• About this task:
Your reply should be an exact copy of every entry, with the pictures removed.
*** Provided data Section Begins ***
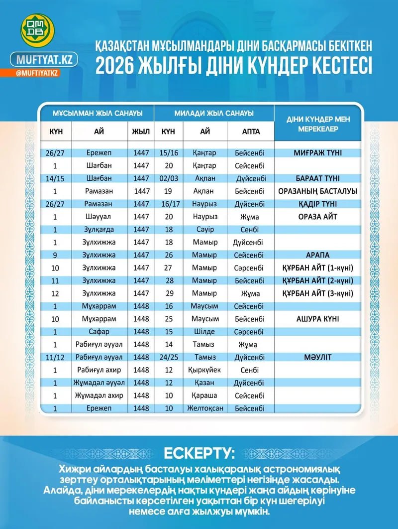 Когда пост, Қадір түні и выходные на Курбан айт: опубликован календарь на 2026 год
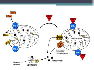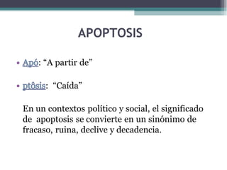 El documento resume los conceptos clave de la apoptosis o muerte celular programada. Explica que la apoptosis es un proceso genéticamente regulado de autodestrucción celular en respuesta a señales ambientales o de estrés. Describe las características morfológicas de la apoptosis y diferencia entre apoptosis y necrosis. Además, explica las vías y moléculas reguladoras clave de la apoptosis como la familia Bcl-2, caspasas y la formación del apoptosoma.
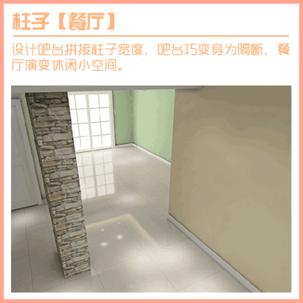 【4、柱子·餐廳】設(shè)計吧臺拼接柱子寬度,吧臺巧變身為隔斷,餐廳演變休閑小空間。
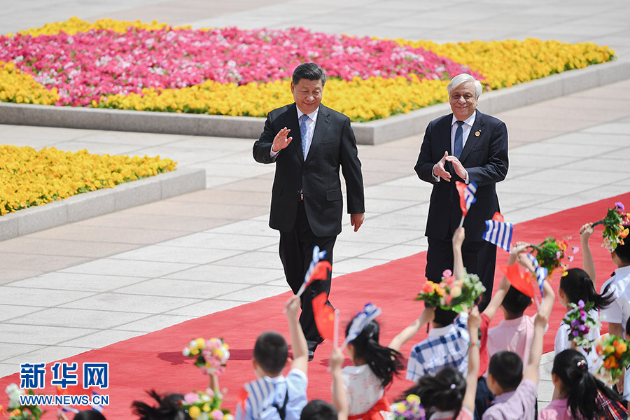 5月14日,國家主席習(xí)近平在北京人民大會(huì)堂同希臘總統(tǒng)帕夫洛普洛斯舉行會(huì)談。這是會(huì)談前,習(xí)近平在人民大會(huì)堂東門外廣場(chǎng)為帕夫洛普洛斯舉行歡迎儀式。 新華社記者 張領(lǐng) 攝
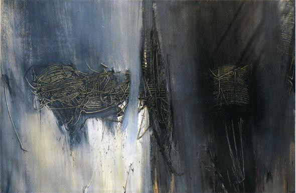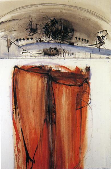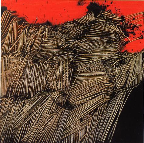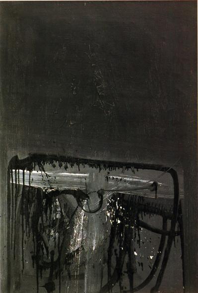 Sudi fondo omogeneo, indefinito e uniforme, dai toni generalmente grigioterrosi, una serie di figure impreviste e instabili, tracciate in modo deciso ed energico e costituite dall'intreccio di segmenti verticali e obliqui, legati tra loro da alcuni tratti orizzontali, emergono in tutta la loro sconvolgente forza espressiva. I segni sono graffi, aculei, abrasioni aggressive, lacerazioni sofferte. Lo spazio è ritmato come da violente ferite, da brusche interruzioni, da misteriose impronte di un mondo che chiede di riaffiorare in superficie.
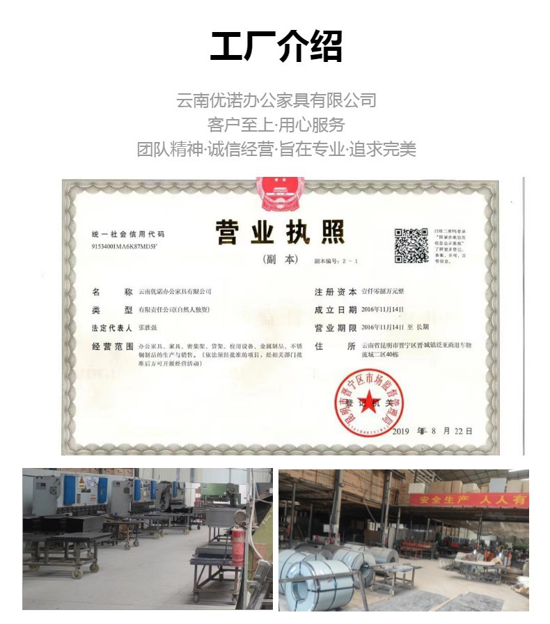 云南优诺办公家具有限公司,是一家集设计开发.产品生产.市场营销为一体的钢制家具龙头企业。我公司始终秉承“诚信求实,创新发展“的企业精神持续深耕于办公家具行业,以匠人精神做好产品与服务,致力于赢得客户与市场的认同。
*** Provided data Section Ends ***
• Your response:
 Когда пост, Қадір түні и выходные на Курбан айт: опубликован календарь на 2026 год
 El documento resume los conceptos clave de la apoptosis o muerte celular programada. Explica que la apoptosis es un proceso genéticamente regulado de autodestrucción celular en respuesta a señales ambientales o de estrés. Describe las características morfológicas de la apoptosis y diferencia entre apoptosis y necrosis. Además, explica las vías y moléculas reguladoras clave de la apoptosis como la familia Bcl-2, caspasas y la formación del apoptosoma.
 【4、柱子·餐廳】設(shè)計吧臺拼接柱子寬度,吧臺巧變身為隔斷,餐廳演變休閑小空間。
 5月14日,國家主席習(xí)近平在北京人民大會(huì)堂同希臘總統(tǒng)帕夫洛普洛斯舉行會(huì)談。這是會(huì)談前,習(xí)近平在人民大會(huì)堂東門外廣場(chǎng)為帕夫洛普洛斯舉行歡迎儀式。 新華社記者 張領(lǐng) 攝
 Sudi fondo omogeneo, indefinito e uniforme, dai toni generalmente grigioterrosi, una serie di figure impreviste e instabili, tracciate in modo deciso ed energico e costituite dall'intreccio di segmenti verticali e obliqui, legati tra loro da alcuni tratti orizzontali, emergono in tutta la loro sconvolgente forza espressiva. I segni sono graffi, aculei, abrasioni aggressive, lacerazioni sofferte. Lo spazio è ritmato come da violente ferite, da brusche interruzioni, da misteriose impronte di un mondo che chiede di riaffiorare in superficie.
 云南优诺办公家具有限公司,是一家集设计开发.产品生产.市场营销为一体的钢制家具龙头企业。我公司始终秉承“诚信求实,创新发展“的企业精神持续深耕于办公家具行业,以匠人精神做好产品与服务,致力于赢得客户与市场的认同。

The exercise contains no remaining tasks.